Я мысленно вижу, как вы улыбаетесь на этом месте. Вы никогда не доверяли словам. Я тоже, но еще меньше я доверял себе. Вы пытались толкнуть меня на тот путь, по которому пошли сами и на котором разум стыдится разума. Уже тогда я не последовал за вами. Но теперь я ответил бы вам с большей уверенностью. Что такое истина? — говорили вы. Конечно, на это непросто ответить, но мы по крайней мере знаем, что такое ложь: это как раз то, чему вы учите нас. Что такое дух? Нам ведома его противоположность — убийство. Что такое человек? Но тут я вас останавливаю, ибо это мы знаем. Человек — это та сила, которая в конце концов всегда свергает тиранов и богов. Он не нуждается в определениях как сама очевидность. Эту самоочевидную человеческую сущность мы и должны спасти, и наша нынешняя уверенность проистекает из того, что ее судьба и судьба нашей родины неразрывно связаны. Если бы ничто не имело смысла, вы были бы правы.
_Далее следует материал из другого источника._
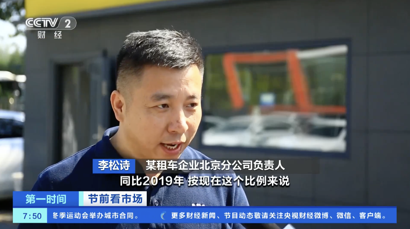 (央视财经《第一时间》)今年中秋、国庆假期,国内汽车租赁市场十分火爆。以北京为例,假期租车预订量,相比2022年同期增长超200%。 这几天,在国内一家大型汽车租赁企业的北京部分网点,前来租车的客户接连不断,高峰期间几乎每分钟都有客户前来提车。 某租车企业北京分公司负责人李松诗:同比2019年,按现在这个比例来说,订单量已经增长40%左右了。临近“十一”前三四天,可能还会有一个爆发期,现在已经预测会增长50%左右。 在另一家汽车租赁企业的首都机场网点,记者了解到,今年国庆期间,这家企业订单同比2022年增长超过了300%,同比2019年增长了超过70%,创下了历史最高水平。 据了解,为满足节日市场需求,眼下包括汽车租赁企业、网约车平台在内的国内各大供应商,正积极筹备增加车型和车队规模,扩大适合居家旅行的越野车和大型商务车的占比,并做好用车市场集中地区、集中时段的预测。 某网约车平台安全部负责人曲晓楠:发挥数据与科技的力量,充分调度我们的车辆到需求最集中的地方,实时感知到底哪里需求比较旺盛。 交通运输部数据显示,今年以来,国内汽车租赁订单不断呈现大幅上涨态势,年初和暑期市场持续火爆。其中,休闲旅游占比超过50%,100公里-200公里的短途休闲旅行租车呈现明显增长态势。 某旅游在线平台公关事务部总监陈理楠:比如新疆、西藏、云南、贵州都是自驾的最主要的目的地之一。 转载请注明央视财经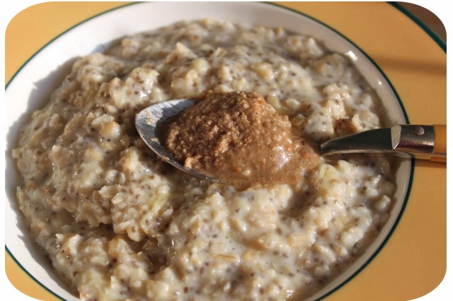 I really like this nut butter and it seems to go with everything.  Hazlenuts are a source of healthy Omega 3 and Omega 6 oils, protein and several minerals including magnesium and vitamins including Vitamin E and K.  So eating Oats and hazelnuts, with some milk for calcium and fruit for vitamin C and you have a really healthy start to the day 🙂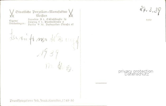 72161893 Meissen Elbe Sachsen Prunkspiegel J. Kaendler 18. Jhdt. Staatliche Porzellan Manufaktur postalisch nicht gelaufen Erhaltung siehe scans KatCode: 11110014280240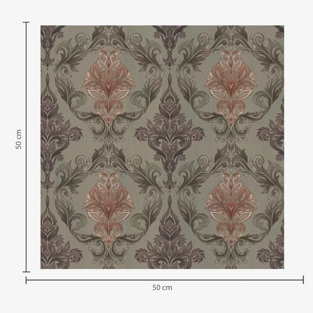 Tapet Damasc teracotă pe fond măslin discret Nr. a00828v3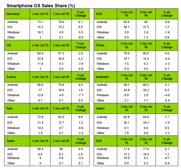 Kantar vừa qua đã có báo cáo nghiên cứu mới nhất về thị phần ngành công nghiệp điện thoại thông minh trong quý thứ hai của năm 2018. Theo số liệu, iOS đã tăng gần 6% trong thị phần nhờ vào sức nóng mạnh mẽ của iPhone 8 và iPhone X. Tại Hoa Kỳ, thị
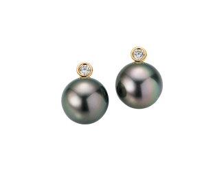Gellner H2O stud earrings in 750 yellow gold with 2 Tahitian pearls and 2 brilliant-cut diamonds (2x 0.09 carat)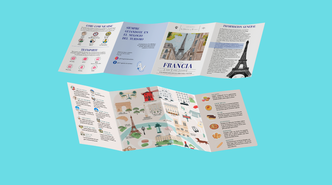 Diseño de folleto desplegable para turismo en Francia

Но есть нечто такое, что сохраняет смысл.
Нелишне еще раз повторить: именно здесь мы и расходимся с вами. Наше понимание родины ставило ее на свое место среди других великих понятий, таких, как дружба, человек, счастье, жажда справедливости. Это заставляло нас быть строгими по отношению к ней. Но в конечном счете мы оказались правы. Мы не дали ей рабов, мы ничего не принизили ради нее. Мы терпеливо ждали, пока уясним истину, и в награду обрели в дни горя и страданий радостную возможность сражаться одновременно за все, что мы любим. Вы же, напротив, воюете против всего того в человеке, что не принадлежит родине. Ваши жертвы не имеют значения, потому что ваша иерархия ценностей порочна. Вами предано не только сердце, но и разум, и он мстит за себя. Вы не уплатили ему то, что положено, не принесли ясности тяжкой дани. Из бездны поражения я не боюсь вам сказать, что это-то и губит вас.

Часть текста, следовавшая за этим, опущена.